While players can add a variety of percentage-plus buffs to themselves (each weapon type also has a skill tree), character-specific skills are the most powerful and interesting thing, and in the case of Pigman, a strong character who can slash and shoot, unleash poison gas, or rampage everywhere to create chaos. These skills not only match his personality, but more importantly also encourage players to try different play styles.

Wild West Polygon Review: Gothic Horror and RPG's Dark Magic Stew

But at the same time, there are certain drawbacks to binding skills to specific roles. The experience would be much better if the first two characters could use teleportation instead of until the last one. I also want Pigman to use the Hunter's Tornado spell. For a game that is keen to experiment with players, not being able to mix and match these skills can seem like a big flop.
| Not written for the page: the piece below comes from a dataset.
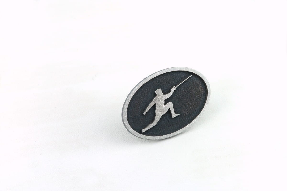 Srebrna przypinka do marynarki - Szermierz

Wild West also has some cool combat mechanics. Each time you roll over in the aiming state, the game temporarily becomes Max Payne — it temporarily enters bullet time, giving you time to make decisions about your next action. However, perhaps the best combat mechanics in this game are "kicks". This skill, copied from Arkane's Dark Messiah of Might and Magic, is presumably a favorite of many, as it makes the most of the subsystems that work with each other, and almost everything in the game can move and be used as a powerful weapon.
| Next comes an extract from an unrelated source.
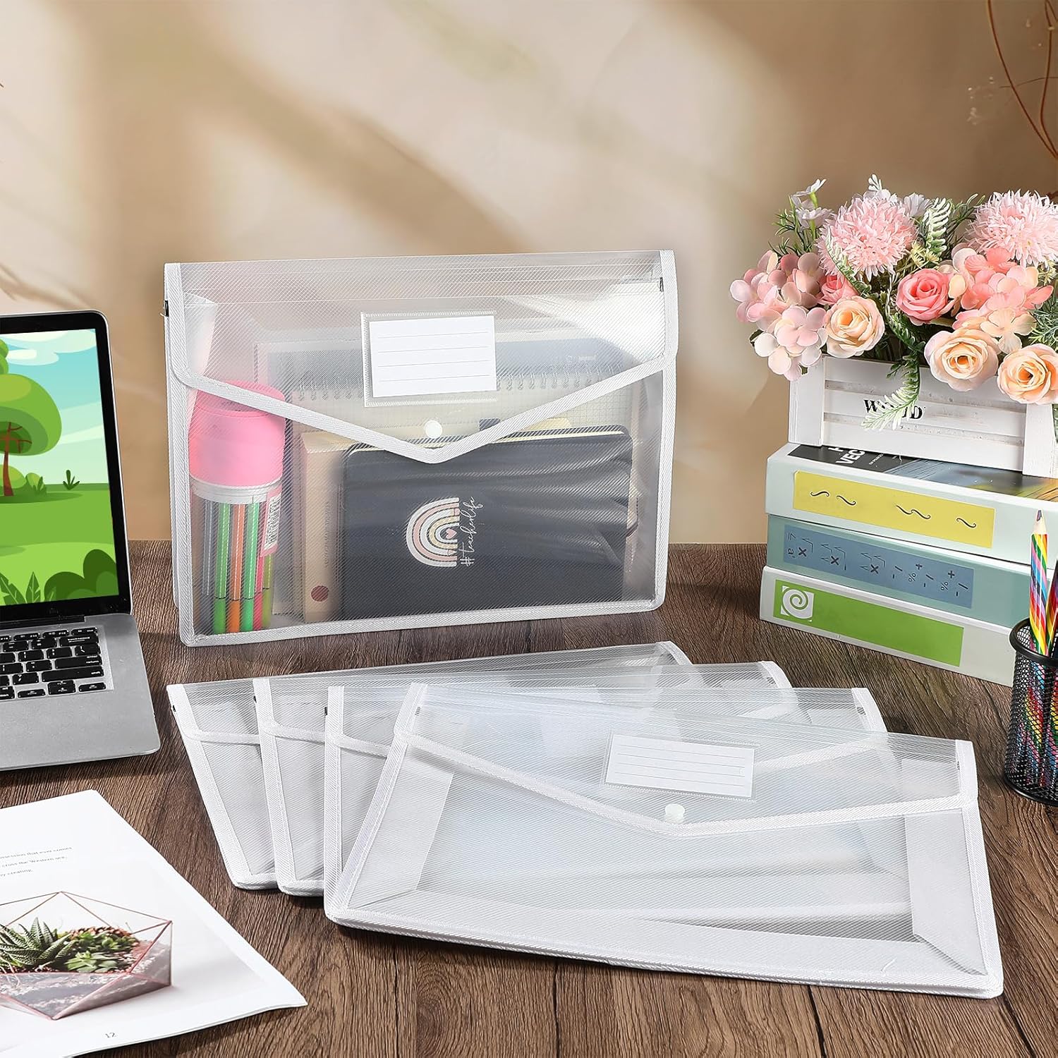 10 Pieces Plastic File Folders Envelope Expanding File Wallet Organizer Documents Folder with Snap Closure and Pocket B4 Waterproof Transparent Pouch for School Office(White,Horizontal)

Wild West Polygon Review: Gothic Horror and RPG's Dark Magic Stew

The level is littered with explosive barrels, a small pool of oil, or other dangerous environmental items. Where this chaos is about to strike, Wild West is most like an excellent immersive simulation game. All kinds of ideas are constantly bursting into the player's mind, constantly thinking about how to move items? Which thing to kick? Do you want to bring electricity and water together? Or mix fire with poison? While these ideas don't work out a lot of times, and can even backfire and burn yourself to death in a log cabin, it feels really amazing when your plan succeeds.
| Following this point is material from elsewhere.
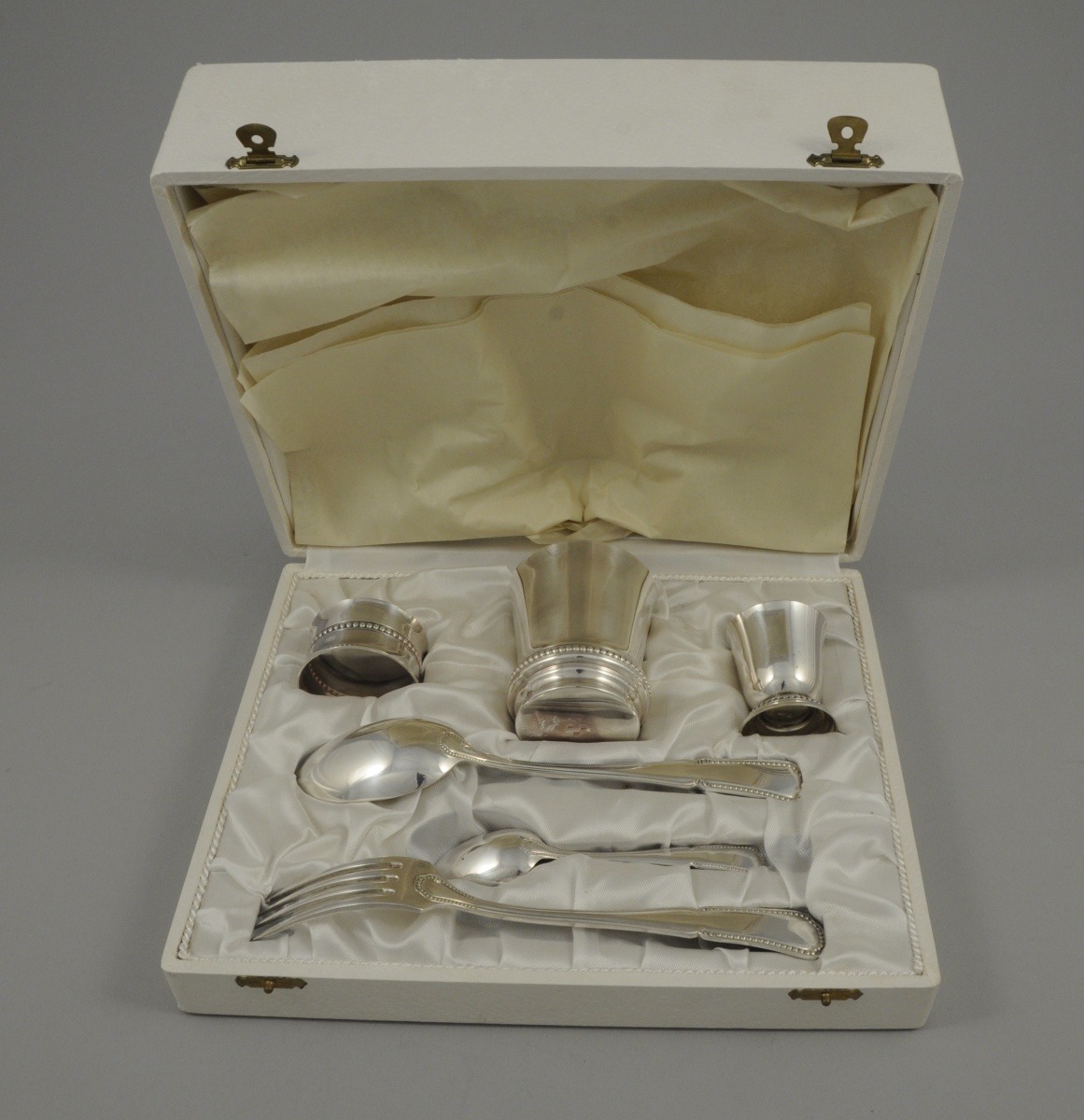 Un COFFRET de naissance, avec un couvert, une petite cuillère, deux timbales et un rond de serviette en métal argenté, à décor de rangs de perles. Dans son écrin.

But in Wild West, there are too few such wonderful moments. Its vast ambitions and voluminous simulation system mean that sooner or later it will bring some memorable moments — like the disaster caused by an oil lamp — but it's not necessarily the one that makes you happy, and when you compare it to the complex and elegant Shame, Wild West is even more crude. It failed to do what many people (including me) expected, failed to bring the spirit of Arkane and immersive simulation games into a creative top-down game, and stumbled into a mediocre realm, becoming a shrunken CRPG, far from being "weird" and "wild.".